Practical Tips for Cleaner Conflict Resolution
Read both versions before editing. Understand what each developer was trying to accomplish. Many conflicts are resolved incorrectly because the developer just picked one version without understanding the other's intent.
Test after resolving. Always run your tests after resolving conflicts. A syntactically correct resolution can still introduce logical bugs if you combined two changes incorrectly.
Use git log to understand context. If you're unsure why a change was made, look at the commit history for the conflicting lines:
git log -p src/auth/login.js
Resolve conflicts in small, focused commits on your branch. If your branch has accumulated weeks of changes, split them into smaller commits before merging. This makes conflicts smaller and easier to reason about.
Never leave conflict markers in committed code. Set up a pre-commit hook or CI check that searches for <<<<<<< in your codebase. Committed conflict markers cause runtime errors and signal a broken merge process.
FAQ
Q: Can I prevent merge conflicts entirely?
Not entirely, but you can minimize them significantly. Keep feature branches short-lived, merge against the main branch frequently, break large files into smaller focused modules, and communicate with teammates about who is working on what. Smaller, more frequent integrations lead to smaller, more manageable conflicts.
Q: What if I accidentally commit a file with conflict markers?
Fix it immediately. Edit the file to remove the markers and write the correct code, then commit the fix with a clear message like fix: remove conflict markers from login.js.
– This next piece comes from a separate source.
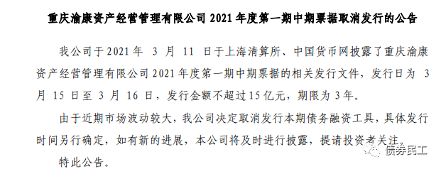 根據wind資訊3月17日的公告信息,多家AAA發行人公布了債券取消發行公告:重慶渝康資產經營管理有限公司 “21渝康資產MTN001”取消發行(15億元)、普洛斯中國控股有限公司“21普洛斯MTN001A”和“21普洛斯MTN001B”(25億元)取消發行、取消發行(10億元)、江西省投資集團有限公司“”取消發行(10億元),累計取消金額60億元。

If the commit is on a shared branch, you may want to inform your team. Most CI pipelines should catch this before it happens if they're configured to run tests.
Q: What's the difference between a merge conflict and a rebase conflict?
Mechanically, they're the same — Git can't automatically reconcile two sets of changes to the same lines. The difference is context. A merge conflict happens all at once when combining two branch histories. A rebase conflict happens commit by commit as your changes are replayed on top of the target branch. Rebase conflicts can be easier to reason about because each conflict is tied to a specific commit and its intent.
Q: Should I use git merge or git rebase?
This depends on your team's workflow. Merge preserves the true history of how branches were integrated; it's safer for shared branches because it doesn't rewrite history. Rebase produces a cleaner, linear history that's easier to read but requires discipline about never rebasing shared commits. Many teams use rebase for local cleanup before a merge ("merge after rebase") to get the best of both.
Q: How do I resolve a conflict where one branch deleted a file and the other modified it?
Git will report this as a "deleted by us" or "deleted by them" conflict. Run git status to see which. You then decide: if the deletion should win, run git rm <filename>. If the modification should win, run git add <filename>. Stage your decision and complete the merge.
Q: Why does my merge tool show a "base" version?
A three-way merge tool shows the common ancestor (the base), your version, and the incoming version. The base is the last state of the file before the two branches diverged. It's extremely useful context — it shows you what each side changed relative to the original, making it much easier to understand the intent of both sets of changes and produce a correct resolution.
Merge conflicts are one of those Git skills that feel intimidating at first and routine within a few months. The key insight is that a conflict isn't Git failing — it's Git correctly identifying a decision that only a human can make. Once you internalize that, the markers stop looking like errors and start looking like exactly what they are: a request for your judgment.